Detects use of MD5 and SHA-1 in hashing calls. Both algorithms are cryptographically broken and should not be used for password hashing, integrity verification, or any security-sensitive purpose.

| Language                | Detected form                                    |
| ----------------------- | ------------------------------------------------ |
| TypeScript / JavaScript | `crypto.createHash('md5')`, `createHash('sha1')` |
| Go                      | `md5.New()`, `sha1.New()`                        |
| Python                  | `hashlib.md5(...)`, `hashlib.sha1(...)`          |

Prefer SHA-256 or stronger for integrity checks, and `bcrypt`/`argon2` for password storage.

***

### Open redirect — `openRedirect`

Detects redirect calls that forward to a URL derived from user input without validation. An attacker can craft a link to your domain that immediately redirects to a phishing site.

Detected when a redirect call (e.g. `res.redirect(...)` in Express, `http.Redirect(...)` in Go) receives a value that came directly from a request parameter.

***

## Configuration

Security smells are enabled by default. Disable the entire group:

```json theme={null}
{
  "enableSecuritySmells": false
}
```

To suppress squiggles and Problems panel entries while keeping the sidebar findings and scoring:

```json theme={null}
{
  "enableInlineDiagnostics": true,
  "inlineDiagnostics": {
    "securitySmells": false
  }
}
```

## Scoring

Each security smell type has its own configurable weight under `healthScoreWeights` (Pro).
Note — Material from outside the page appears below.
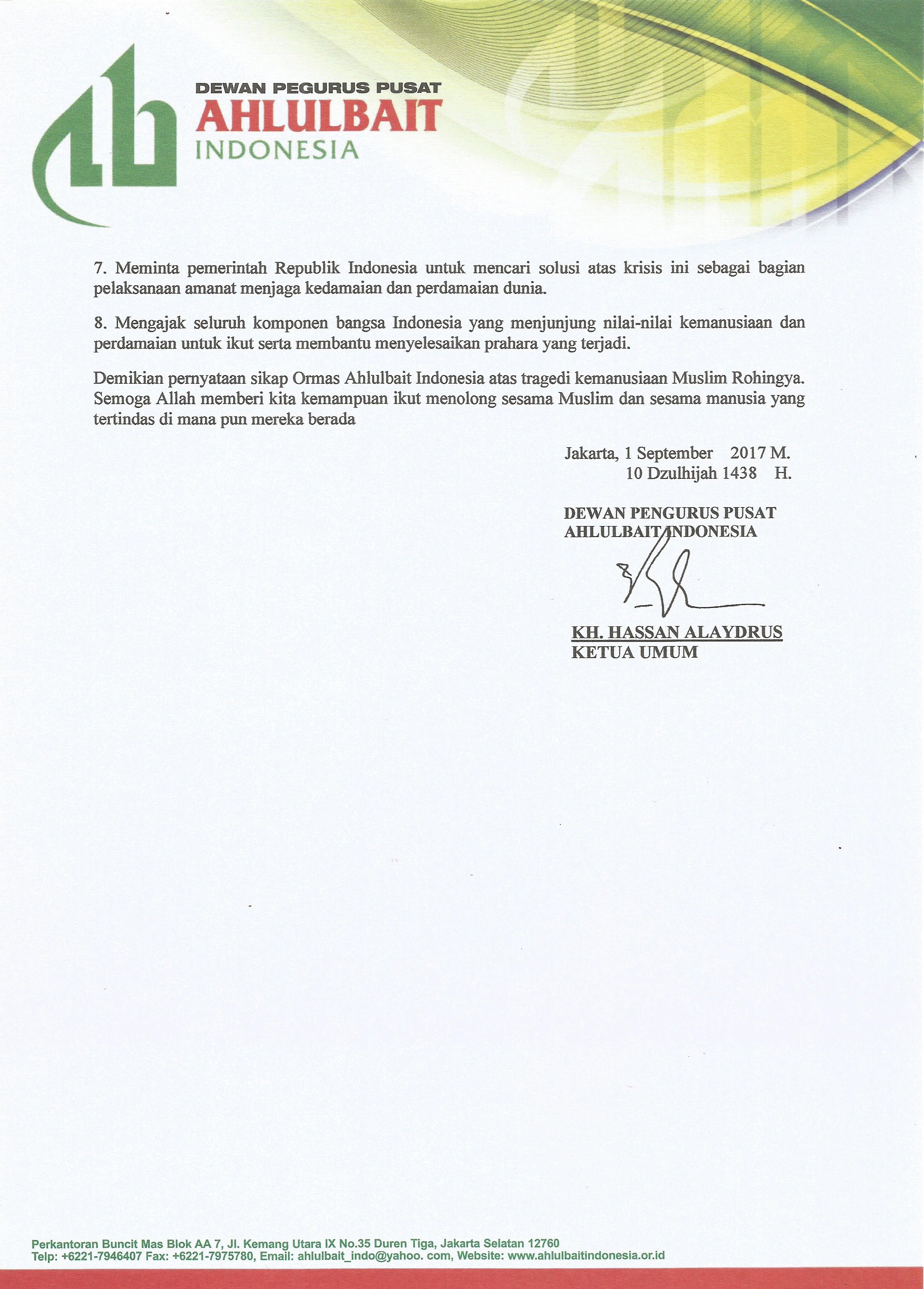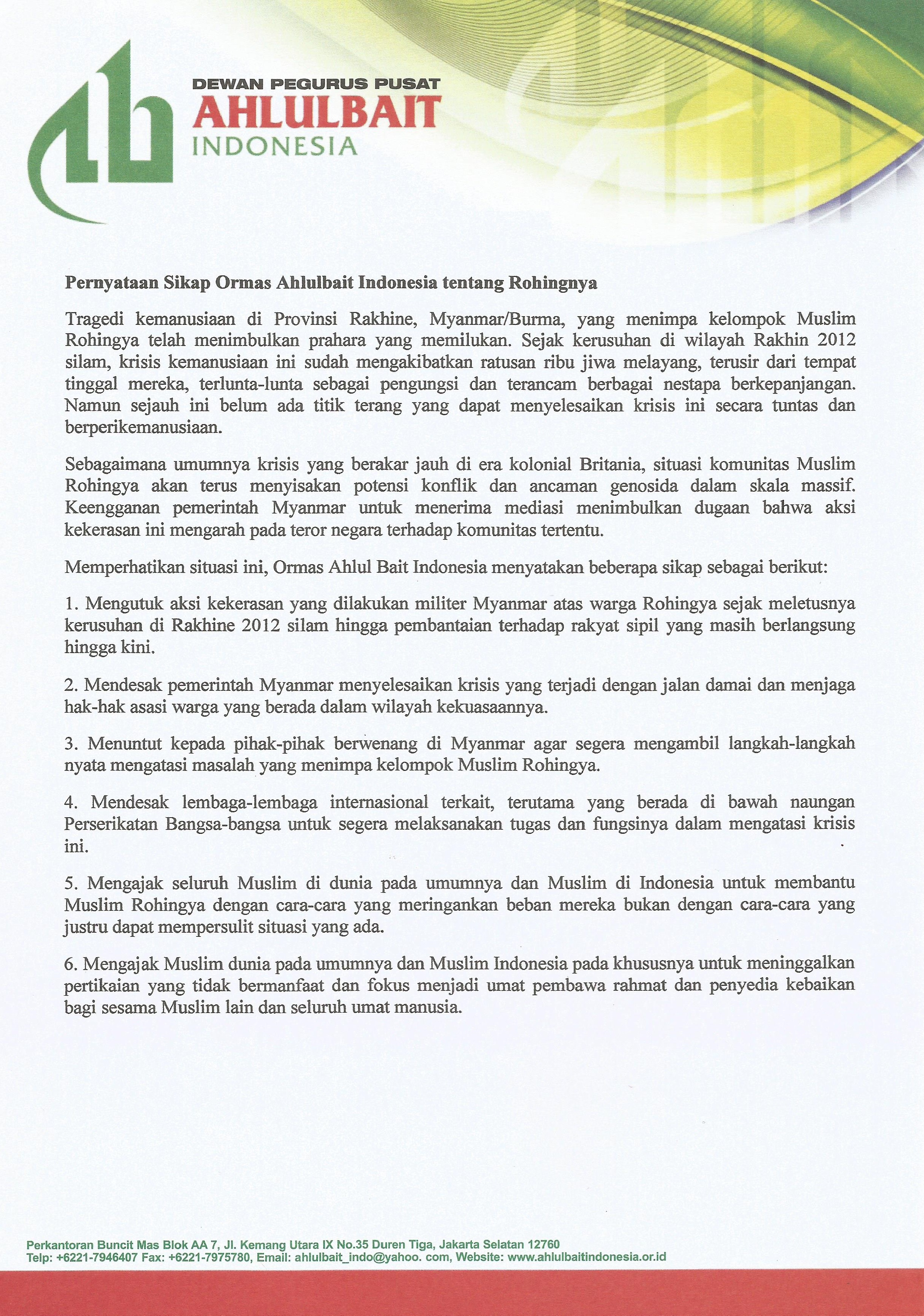 Demikian pernyataan sikap Ormas Ahlulbait Indonesia atas tragedi kemanusiaan Muslim Rohingya. Semoga Allah memberi kita kemampuan ikut menolong sesama Muslim dan sesama manusia yang tertindas di mana pun mereka berada.
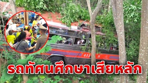 ด่วน! รถบัสบรรทุกนักเรียนทัศนศึกษาเสียหลัก ตกลงข้างทางช่องเขา เบื้องต้นบาดเจ็บ 10 ราย

Defaults:

| Pattern             | Weight key                | Default deduction |
| ------------------- | ------------------------- | ----------------- |
| eval() / exec()     | `evalUsage`               | −8 each           |
| SQL concatenation   | `sqlConcatenation`        | −8 each           |
| Insecure RNG        | `insecureRandom`          | −5 each           |
| ReDoS regex         | `unsafeRegex`             | −5 each           |
| Hardcoded localhost | `hardcodedLocalhost`      | −3 each           |
| TLS disabled        | `disabledTlsVerification` | −7 each           |
| Debug flag          | `debugFlagsEnabled`       | −3 each           |
| Weak hashing        | `weakHashing`             | −5 each           |
| Open redirect       | `openRedirect`            | −7 each           |

Security smells count toward **Blockers** in the enforcement snapshot, not Warnings. A file with any security smell is treated the same as a file with a leaked secret when evaluating gate readiness.

## Inline diagnostics

When `enableInlineDiagnostics` is on and `inlineDiagnostics.securitySmells` is `true` (the default), every security smell finding gets a Warning-severity squiggle directly in the editor and a Problems panel entry. Each entry includes the pattern name and a one-line explanation of the risk.

<Tip>
  Use `severityOverrides` to promote specific patterns to `error` severity if your team treats them as hard blockers rather than warnings. For example, to treat SQL injection as an error: `"severityOverrides": { "security-sqlConcatenation": "error" }`.